ERISA-Second Circuit Rules That Plaintiffs In A Stock Drop Case Fail To State A Claim Of Breach Of Fiduciary Duty Under ERISA

The case of In Re: Lehman Bros. Sec. and ERISA Litig., No. 15-2229 (2d Cir. 2016) has returned to the Second Circuit Court of Appeals (the “Court”) for the second time since 2013. After the September 2008 bankruptcy of Lehman Brothers Holdings, Inc. (“Lehman”), the plaintiffs (“Plaintiffs”) brought suit on behalf of a putative class of former participants in an employee stock ownership plan (“ESOP”) invested exclusively in Lehman’s common stock. Plaintiffs alleged, among other things, that the defendants (“Plan Committee Defendants”), who were fiduciaries of this ESOP, breached their duty of prudence under ERISA by continuing to permit investment in Lehman stock in the face of circumstances arguably foreshadowing its eventual demise. The District Court had ruled in favor of the Plan Committee Defendants.

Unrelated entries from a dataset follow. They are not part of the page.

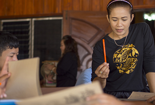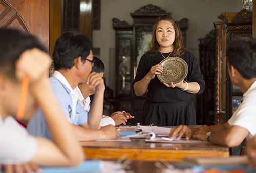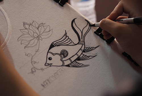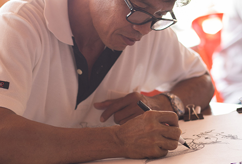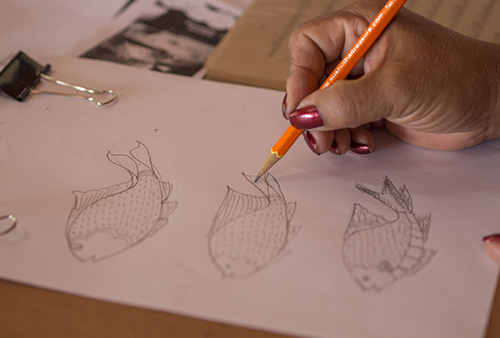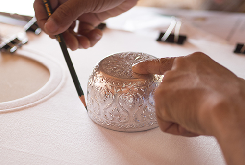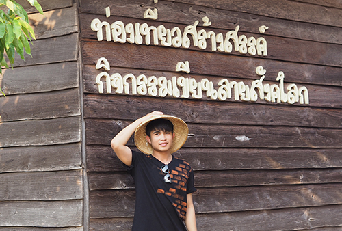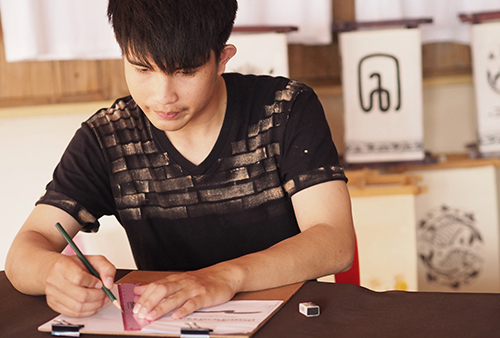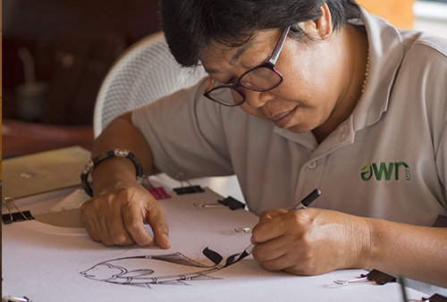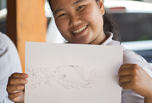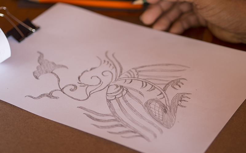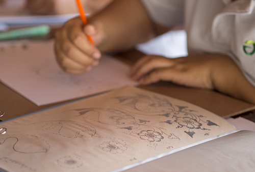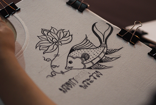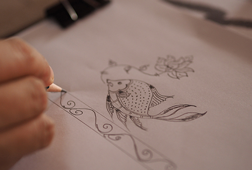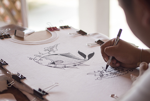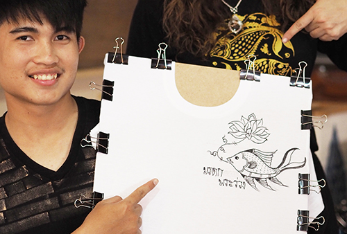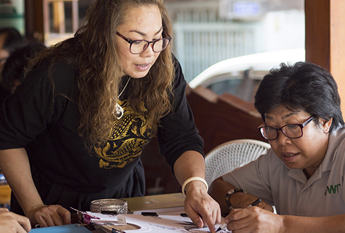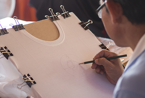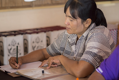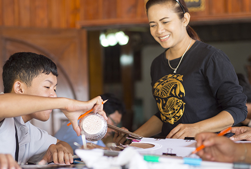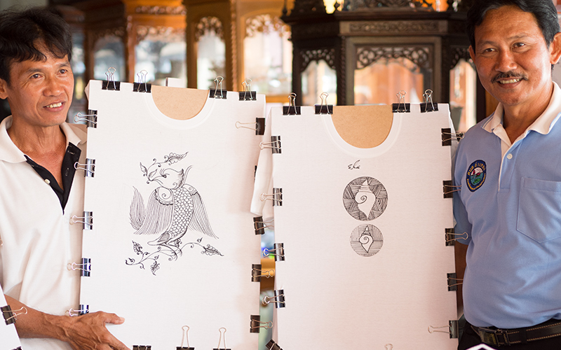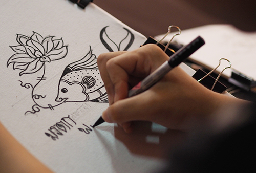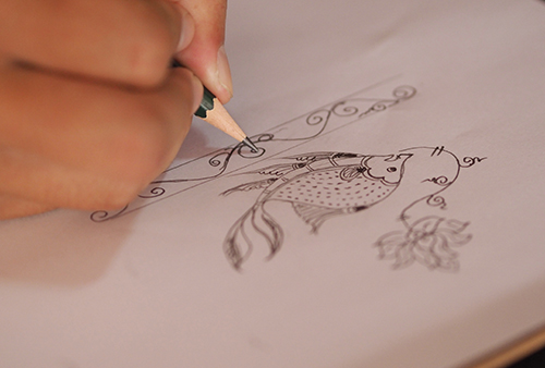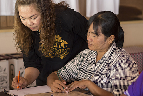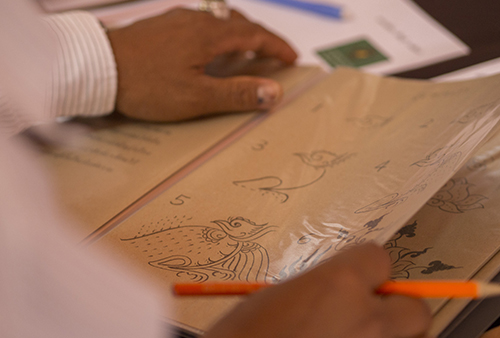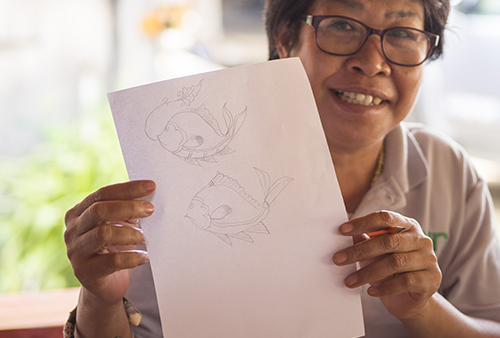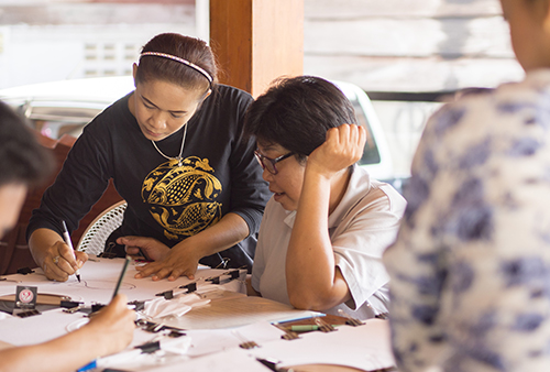 - นักท่องเที่ยวเลือกวัสดุ และเลือกลวดลายที่ชอบแล้วนำมาทดสอบวาดลงบนกระดาษโดยมีผู้เชี่ยวชาญสอนและให้ความช่วยเหลือ
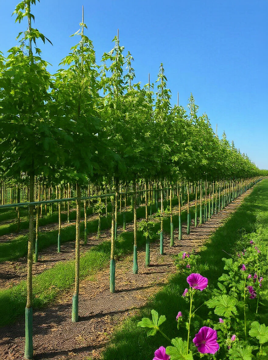 Liquidambar styraciflua 'Lane Roberts' – Amberbaum 'Lane Roberts' Hochstamm, Reihe junger Bäume in der Baumschule
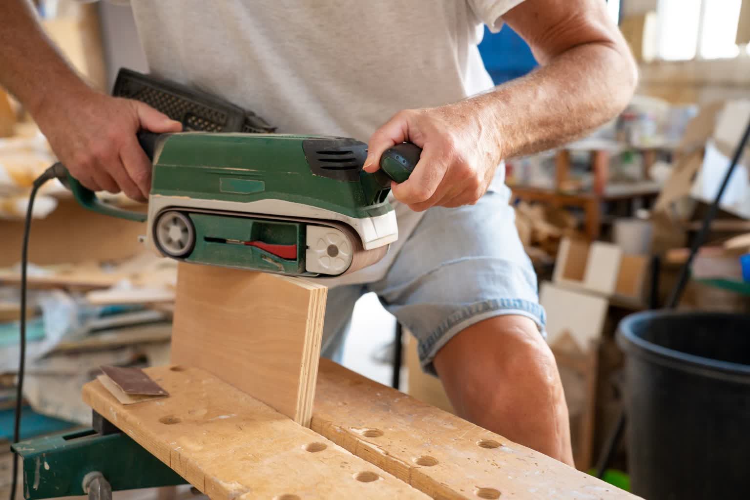 Wielu nowicjuszy popełnia błąd, dociskając narzędzie z całej siły do obrabianego materiału, mylnie sądząc, że znacznie przyspieszy to pracę. W rzeczywistości własny ciężar maszyny jest zazwyczaj wystarczający, aby skutecznie zdzierać kolejne warstwy twardego surowca. Zbyt mocny nacisk może doprowadzić do trwałego przypalenia drewna lub znacznego spowolnienia obrotów silnika, co bywa szkodliwe dla sprzętu. Pozwól urządzeniu swobodnie wykonywać swoją pracę, prowadząc je pewną ręką bez dłuższego zatrzymywania się w jednym miejscu. Przewód zasilający warto przewiesić przez ramię, aby nigdy nie znalazł się on na drodze rozpędzonej taśmy ściernej.
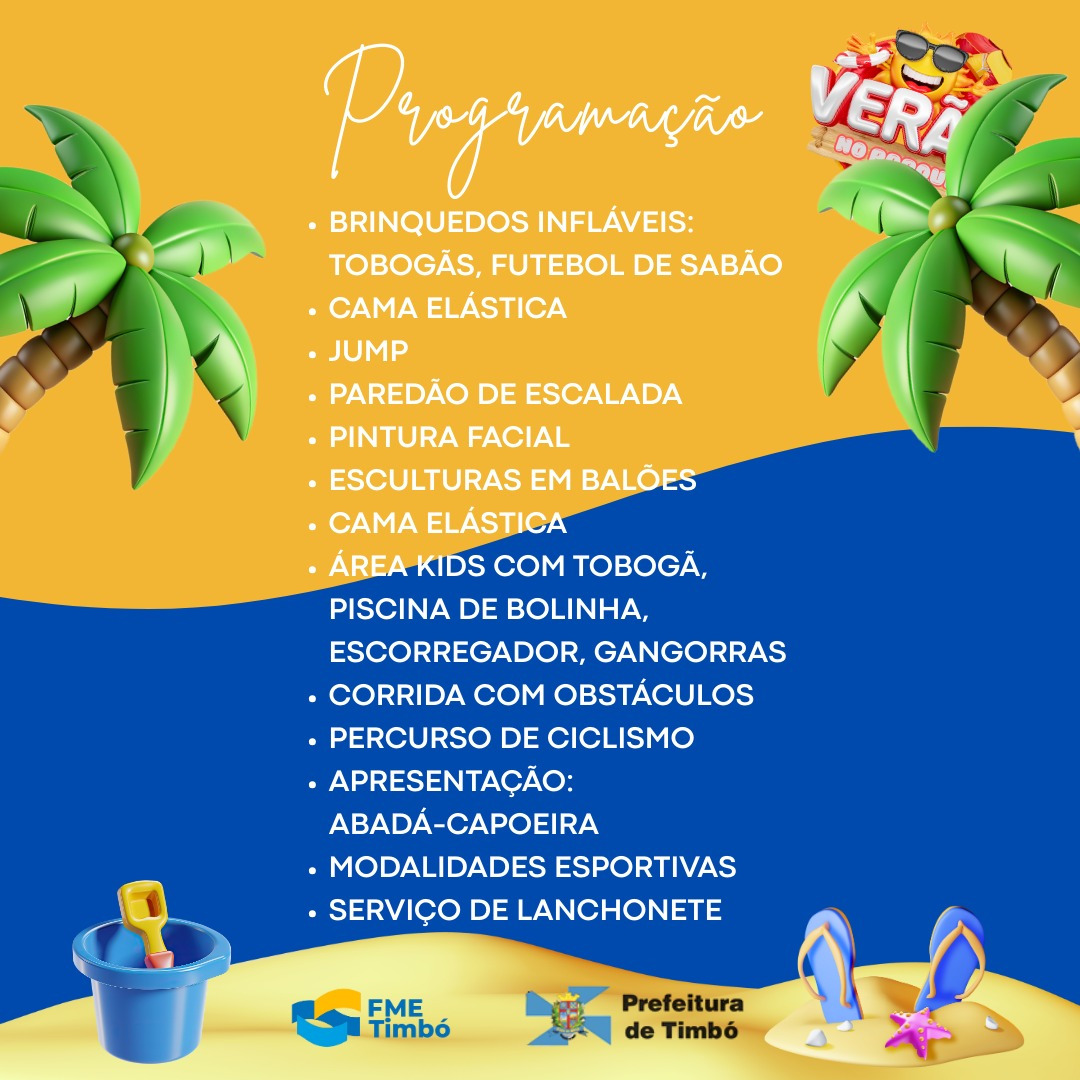 Após o adiamento na semana passada devido à previsão de chuva, o Verão no Parque está confirmado para este domingo, dia 22. O evento é gratuito e voltado ao lazer, esporte e diversão para toda a família. A programação será realizada no Parque Henry Paul, reunindo diversas atividades recreativas, culturais e esportivas para crianças e comunidade em geral.
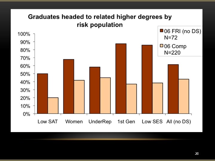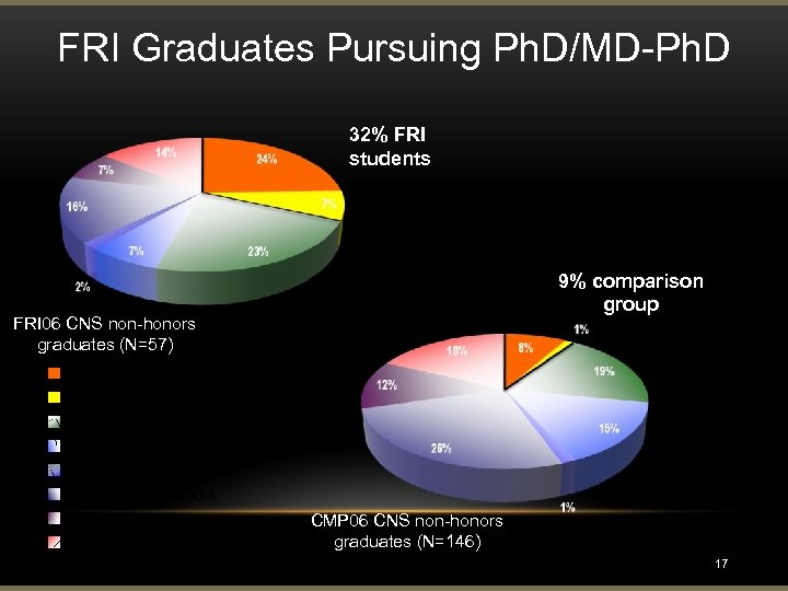 FRI Graduates Pursuing Ph. D/MD-Ph. D 32% FRI students 9% comparison group FRI 06 CNS non-honors graduates (N=57) Graduate school MD/Ph. D, MPH Medical School Allied Health Prof Other (JD, MBA, etc) Applying for schools Job, Job search Unknown CMP 06 CNS non-honors graduates (N=146) 17
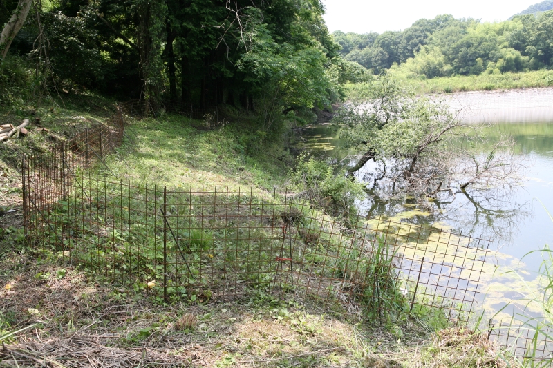 自生していた。土手が少し湿り気があるためかイノシシが掘り返すため、防護柵を施している。
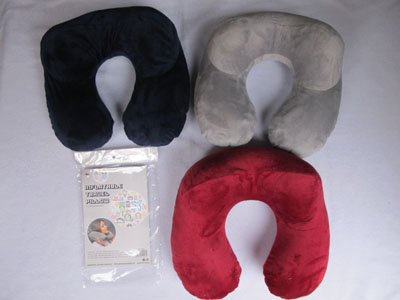 Inflatable Travel Pillow with Extra Neck Support - Grey, Blue and Red - AC1581
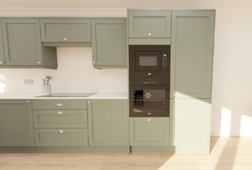 Kitchen Area - High quality shaker style units with quartz work surfaces and AEG integrated appliances including double oven, hob with extractor above, fridge/freezer and dishwasher
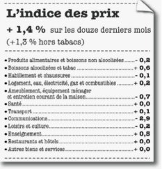 - Economie. Après trois mois de hausse successiveL’indice des prix à la consommation établi par l’Institut de la statistique et des études économiques (Isee) affiche une baisse moyenne des prix de 0,1 % pour le mois de juillet. Après trois mois de hausse successive (+0,3 % en avril ainsi qu’au mois de mai, et +0,1 % enIl vous reste 86% de l'article à découvrir.Cet article est réservé aux abonnés.
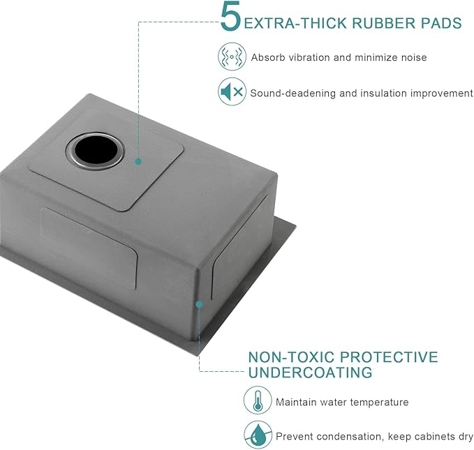 - 【Sound Dampening Kitchen Sink】To create a quieter kitchen environment, we added sound-absorption undercoating and sound-dampening rubber pads to the bottom of the sink to reduce the noise and vibration, meanwhile, prevent moisture accumulation, keep cabinets dry and clean
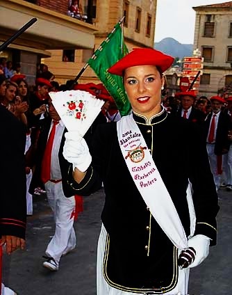 Año 2004. Estibaliz Etxeberria Portero. Cantinera de la Compañía Ama Shantalen del Alarde de San Marcial de Irún desfilando desde San Juan en 2004.
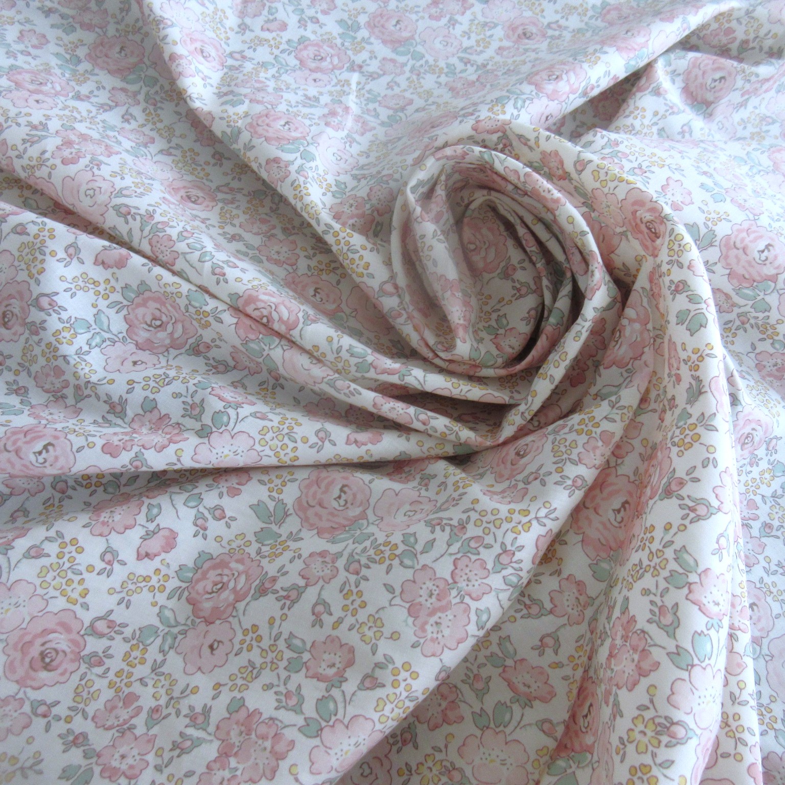 1933年にデザインされたリバティプリントを代表する花柄(薔薇柄)のひとつです。密集した丸みのあるふっくらとしたバラの花々が印象的な柄です。1997年春夏コレクションで復活し、2001年にクラシックコレクション(輸入定番柄)に加わって以来、様々な配色で版を重ね、ファンを魅了し続けています。誰がデザインしたかについての唯一の手がかりはDSと言うイニシャルだけ。DSはBetsy, Wiltshireなど、リバティの中でも大変人気のある柄を数多く残しており、このFeliciteもまた、90年の月日を経てなお、トップセラー&ロングセラーの人気柄となっています。
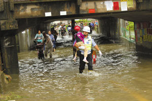 本报讯(记者 王晓峰 通讯员 杨萌萌)受台风“凤凰”影响,昨天早上,鄞州交警大队盛垫中队辖区多处道路出现积水,其中盛莫路铁路道口人、非便道积水情况尤为严重。 由于连续下雨,导致水位上涨,河水倒灌进便道的涵洞里,涵洞内的积水与河面齐平,最深处达80厘米。而作为沟通南北的交通“咽喉”,每天早高峰期间,无数的非机动车以及行人都要通过盛莫路铁路道口。 为此,盛垫交警中队提前在涵洞的南北两端安排了警力,劝导非机动车从青年路—福庆路—环城南路绕行。尽管如此,仍有不少赶时间的市民选择在积水中“冲锋陷阵”。管理这个道口的协警李小力从早上6时开始就在涵洞内蹚着水来回奔波,背着老人和孩子过积水区域。直到11时,他安全护送老人和孩子30多人次,帮助40多位群众将车推出积水区域。

The Court reviewed the case history and noted that on June 25, 2014, the Supreme Court of the United States held in Fifth Third Bancorp v. Dudenhoeffer (“Fifth Third”) that ESOP fiduciaries are not entitled to any special presumption of prudence when the plan invests in employer stock, abrogating the so called Moench presumption of prudence. Nevertheless, even without this presumption, the Court ruled that the Plaintiffs have failed to state a claim of breach of fiduciary duty.

After reviewing the case, the Court stated that it agreed with the District Court that, even without the presumption of prudence rejected in Fifth Third, Plaintiffs have failed to plead plausibly that the Plan Committee Defendants breached their fiduciary duties under ERISA by failing to recognize the imminence of Lehman’s collapse. Plaintiffs have not adequately shown that the Plan Committee Defendants should be held liable for their actions in attempting to meet their fiduciary duties under ERISA while simultaneously offering an undiversified investment option for employees’ retirement savings.